Today, critics say this philosophy has been dropped. No Google search only features 10 blue links, and Google’s own services, from shopping to YouTube videos, feature prominently at the top of its results.
Increasingly, the company’s “AI overviews” and more detailed “AI mode”, both generated by artificial intelligence, answer questions without the user needing to leave the page.
The company took the latest step down this path last week. Google will allow users to ask follow-up questions of its AI overviews, which may further reduce the incentive to click through to websites. Search results will also allow people to build mini-apps and “agents” that can scour the web on your behalf, booking restaurants or hotel rooms on your behalf.
“We’re entering the era of search agents,” Elizabeth Reid, the head of Google Search, said.
Critics believe we are approaching “Google Zero”: a future in which Google stops sending users to external websites and instead keeps them on its site indefinitely.
The features have been popular.

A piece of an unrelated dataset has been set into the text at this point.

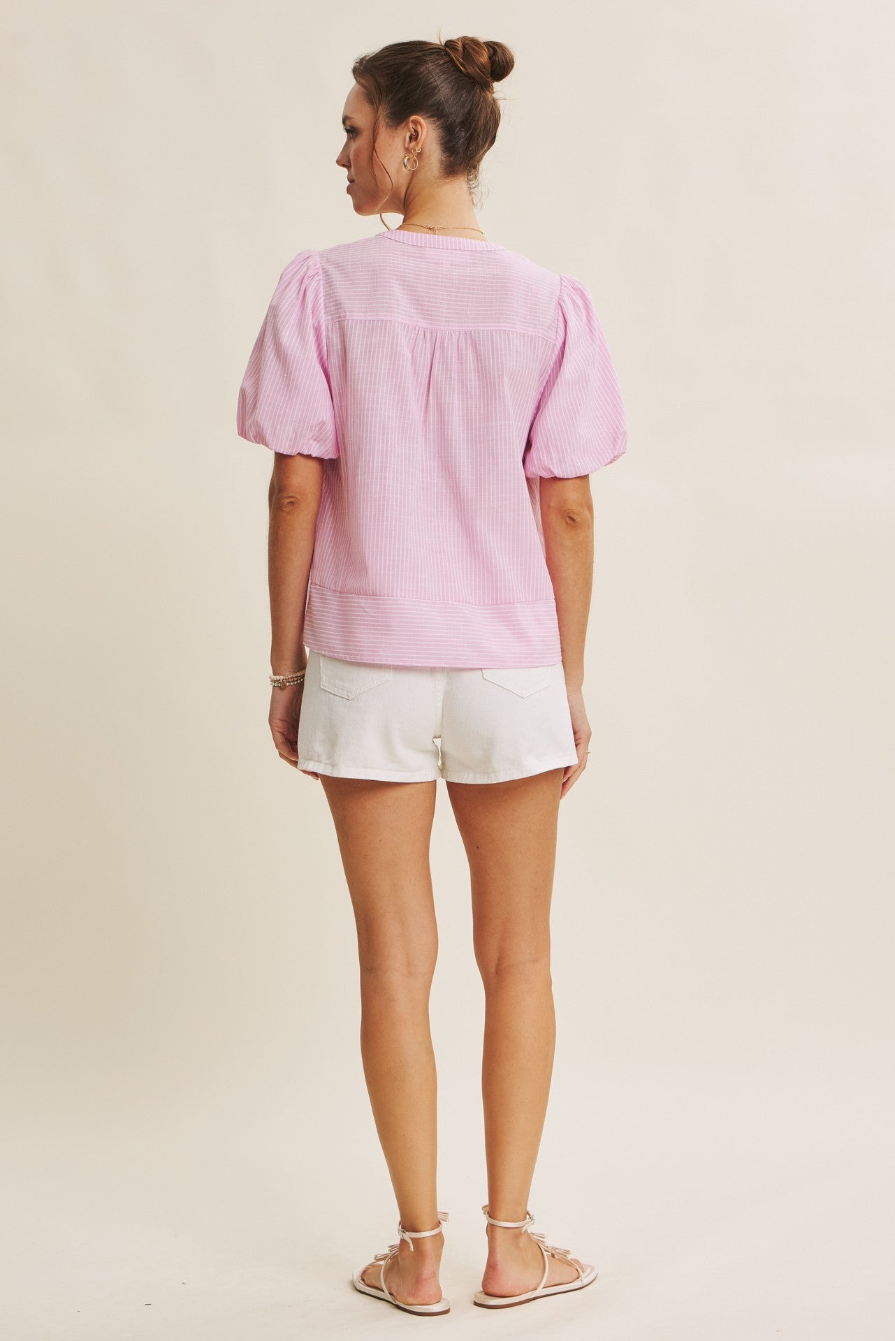 You’re going to love how light and feminine this blouse feels the moment you put it on. With its soft pink stripes and airy silhouette, it’s the perfect piece to add a fresh, polished touch to your everyday style.

Sundar Pichai, the chief executive of Google, said 2.5 billion people are seeing AI overviews, and 1 billion are using AI mode.
These features allow Google to maintain its grip on consumers’ attention and keep them away from rival AI systems such as ChatGPT, and Claude from Anthropic.
“Google is leveraging its captive audience for search to keep them engaged with AI [features] to keep them on their platform longer rather than have them move over to ChatGPT or Claude,” says Gadjo Sevilla, an analyst at eMarketer. “It is pushing to be the default consumer AI through Google Search’s dominance.”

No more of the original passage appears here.